The uniform message Cheney received from Arab leaders with whom he discussed Iraq was to give diplomacy a chance, an Arab diplomat told The Associated Press in Washington.

U.N. Secretary-General Kofi Annan plans to meet with a senior Iraqi official next month in New York about permitting U.N. weapons inspectors to return to Iraq after a lapse of more than three years.

If Iraq rejects weapons inspections, the Bush administration would have a better case for military action, said the Arab official, speaking on condition of anonymity.

Also, the Arab League holds a pivotal next week in Beirut, Lebanon, and is expected to endorse a Middle East peace initiative by Crown Prince Abdullah of Saudi Arabia.

Turkey has been asked to replace Britain next month in leading the international force in Kabul. But the Islamic nation has expressed reservations about the assignment, citing financial worries and lack of a clear exit strategy.

Cheney said he told Turkish leaders that the Bush administration was sending Congress a $228 million aid package to help Turkey defray peacekeeping costs.

He also said he assured Turkish leaders that the United States had limited plans for the force, and that it would remain in the vicinity of Kabul, the Afghan capital.

"We're not talking about expanding it to other areas," Cheney told reporters.

Cheney also promised to assist Turkey in its bid to become a member of the European Union.

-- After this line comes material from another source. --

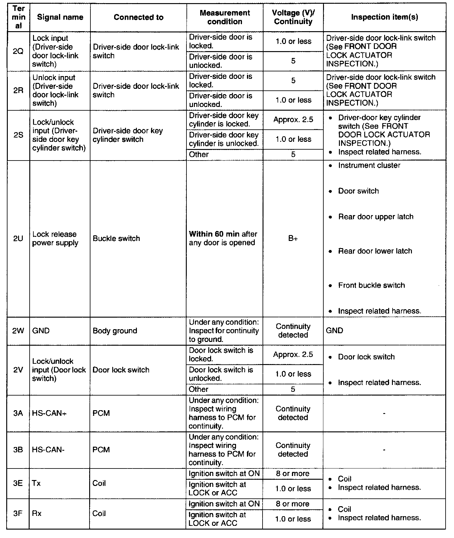 KEYLESS CONTROL MODULE INSPECTION1. Measure the voltage or inspect for continuity according to the Terminal Voltage Table (Reference).

Turkish Prime Minister Bulent Ecevit became the latest leader on Cheney's tour to criticize U.S. proposals to widen the war on terrorism to Baghdad. He suggested such strikes could hurt Turkey's tottering economy.

Still, Ecevit told reporters after the meeting that Cheney had "very clearly stated that there will be no military action against Iraq in the foreseeable future."

Cheney disputed that characterization of his remarks. "I said military action is not imminent. And that's what I've been saying at every stop."

Cheney made similar remarks Tuesday in Jerusalem. "There has been great press speculation about possible military action against Iraq. I have said repeatedly no such decision has been made," Cheney said at a news conference with Israeli Prime Minister Ariel Sharon.

Turkey was Cheney's final stop on a swing through the region to solicit support for the next phase in war on terror and to increase pressure on Iraq, which the United States accuses of developing weapons of mass destruction.

But his mission was dominated by the raging Israel-Palestinian violence.

On Tuesday, in Israel, Cheney said he would return to the region as early as next week to meet Palestinian leader Yasser Arafat if a cease-fire is in place and if Arafat takes sufficient steps to rein in Palestinian terrorists.

The White House has decided that the meeting, if it occurs, will be in Egypt.

Turkey was a staging point for U.S. attacks during the 1991 Gulf War and U.S. planes continue to be based at Incirlik air base, from which they patrol a no-fly zone over northern Iraq.

Turkey has been urging the United States not to attack Iraq, saying it does not pose a current threat to its neighbors.

Turkish officials suggested that another conflict would wreak havoc on Turkey's fragile economy. Turkey claims it lost $30 billion in revenues after the Gulf War.

On his way out of Ankara, Cheney visited the mausoleum of Ataturk, the founder of modern Turkey.